John Starsmore

Personal information
- Full name: John George Starsmore
- Date of birth: 20 December 1901
- Place of birth: Kettering, England
- Date of death: 1983 (aged 81)
- Place of death: Corby, England
- Height: 5 ft 10 in (1.78 m)
- Position(s): Forward

Senior career*
- Years: Team / Apps / (Gls)
- 192?–1925: Desborough Town
- 1925–1928: Kettering Town
- 1928–1930: Coventry City / 51 / (17)
- 1930–1931: Kettering Town
- 1931–1933: Swindon Town / 66 / (14)
- 1933–1934: Barrow / 9 / (1)
- 1934–1935: Dartford
- 1935–19??: Kettering Town

= John Starsmore =

English footballer (1901–1983)

John George Starsmore (20 December 1901 – 1983) was an English footballer who scored 32 goals from 126 appearances in the Football League playing for Coventry City, Swindon Town and Barrow in the 1920s and 1930s. He also played in non-league football for Kettering Town and Dartford. He played as a centre forward or inside forward.

==Life and career==
Starsmore was born in Kettering, Northamptonshire, in 1901. He played non-league football for Desborough Town and Kettering Town before signing for Coventry City of the Third Division South in September 1928 for a "substantial" fee. He made his debut on 6 October, at home to Brentford, and scored the only goal of the match.
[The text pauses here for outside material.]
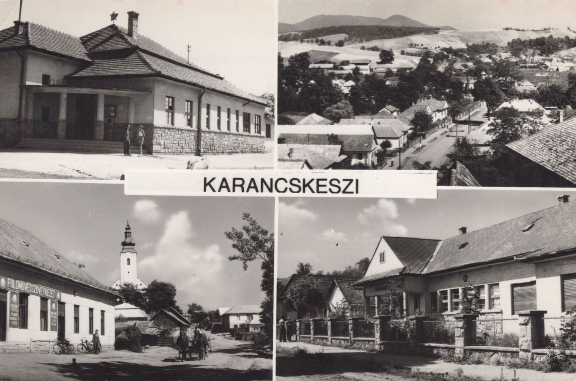 A négyosztatú képeslapon Karancskeszi épületek, látkép

He played regularly throughout the remainder of the 1928–29 season and at the start of 1929–30, but once Jimmy Loughlin established himself in the team, Starsmore made only five appearances in 1930, and left the club at the end of the season.

After a season back with Kettering Town, Starsmore signed for another Third Division South club, Swindon Town. He was ever-present in league and FA Cup in 1931–32, but played less the following season and was transfer-listed. He moved on to Barrow of the Third Division North, and scored once in nine league appearances, but spent several months in hospital in mid-season after breaking his upper arm in a road accident. He spent the 1934–35 campaign with Southern League club Dartford, scoring twice in the final to help his side win the Kent Senior Cup, and then returned to Kettering.

Starsmore died in Corby in 1983 at the age of 81.